Autore nel 2011 di quel Morituris che, a base di sanguinari gladiatori dell’antica Roma resuscitati ai giorni nostri come spettri massacratori in aria di rape & revenge, rientra di sicuro tra le migliori produzioni horror indipendenti d’inizio XXI secolo, Raffaele Picchio è tornato nel 2016 dietro la macchina da presa per occuparsi di The blind king, sotto la produzione dei Marco Ristori e Luca Boni cui dobbiamo Eaters e Zombie massacre.
Un’opera seconda che si distacca completamente dal genere a base di torture e splatter in cui rientrò la precedente, dalla quale proviene la Désirée Giorgetti qui calata nei panni di Susan, sorella del protagonista Craig alias Aaron Stielstra, che, reduce dall’improvviso suicidio della propria compagna, si trasferisce in una nuova casa insieme alla figlioletta Jennifer, incarnata da Eleonora Marianelli.
Figlioletta che ha smesso di parlare da quando avvenne la tragedia e che, come vuole la tradizione del cinema di paura d’inizio terzo millennio in cui rientrano Babadook e simili, non manca di essere tormentata da incubi e da un’inquietante figura nera che arriva presto a popolare anche i sogni del padre, minacciandolo proprio di portargli via la bambina.
Figura, se vogliamo, kruegeriana nel modo di manifestarsi, ma che, caratterizzata da bende sul volto mostruoso e catena posta attorno al collo, non avrebbe certo sfigurato all’interno dell’universo hellraiseriano di Clive Barker, la cui influenza si lascia avvertire in diversi momenti dell’insieme.
Man mano che l’uomo si mostra sempre più deciso ad affrontarla e che, forte anche delle buone prove sfoderate dai diversi elementi del cast, il cineasta romano rivela ancora una volta padronanza del mezzo tecnico ottenendo una interessante allegoria da schermo evidentemente relativa a molti fatti di cronaca nera a base di soprusi familiari e femminicidi.

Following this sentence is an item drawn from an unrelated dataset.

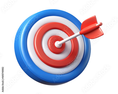 Red arrow hitting the bullseye target center 3d render illustration on background achieving success and goals for business and marketing

Interessante allegoria che, corredata di un divertente extra di trentadue minuti con il regista, il direttore della fotografia Alberto Viavavattene e i citati Boni e Ristori impegnati a raccontare ironicamente la lavorazione del film, viene resa disponibile su supporto blu-ray italiano da Koch Media.
La stessa Koch Media che, rimanendo nell’ambito di orrori da schermo atti a miscelare suggestioni psicologiche e presenze ultraterrene, lancia nel mercato tricolore dell’home video in alta definizione – con il trailer nella sezione riservata ai contenuti speciali – anche Agoraphobia, sceneggiato, prodotto e diretto nel 2015 dalla Lou Simon che aveva firmato, tra l’altro, lo slasher HazMat.
Oltre un’ora e venti di visione in cui il Tony Todd della saga Final destination e del remake anni Novanta de La notte dei morti viventi ricopre il ruolo del medico curante di Faye, ovvero Cassandra”Sharknado”Scerbo, giovane agorafobica che, compagna di un avvocato, attraverso un’eredità entra in possesso della casa di suo padre, situata in una parte remota delle Florida Keys.
Casa in cui sembra essere rimasto intrappolato qualcosa di terrificante che, quindi, va ad aggiungersi alla sua esagerata paura nei confronti degli spazi aperti; nel corso di un’operazione dall’avvio sanguinolento, ma costruita su attese opportunamente spezzate per movimentare la situazione.
Tra cadaveri dietro l’angolo e vasche da bagno pronte a riempirsi di liquido rosso… con qualcosa che richiama alla memoria il classico in bianco e nero La casa dei fantasmi di William Castle.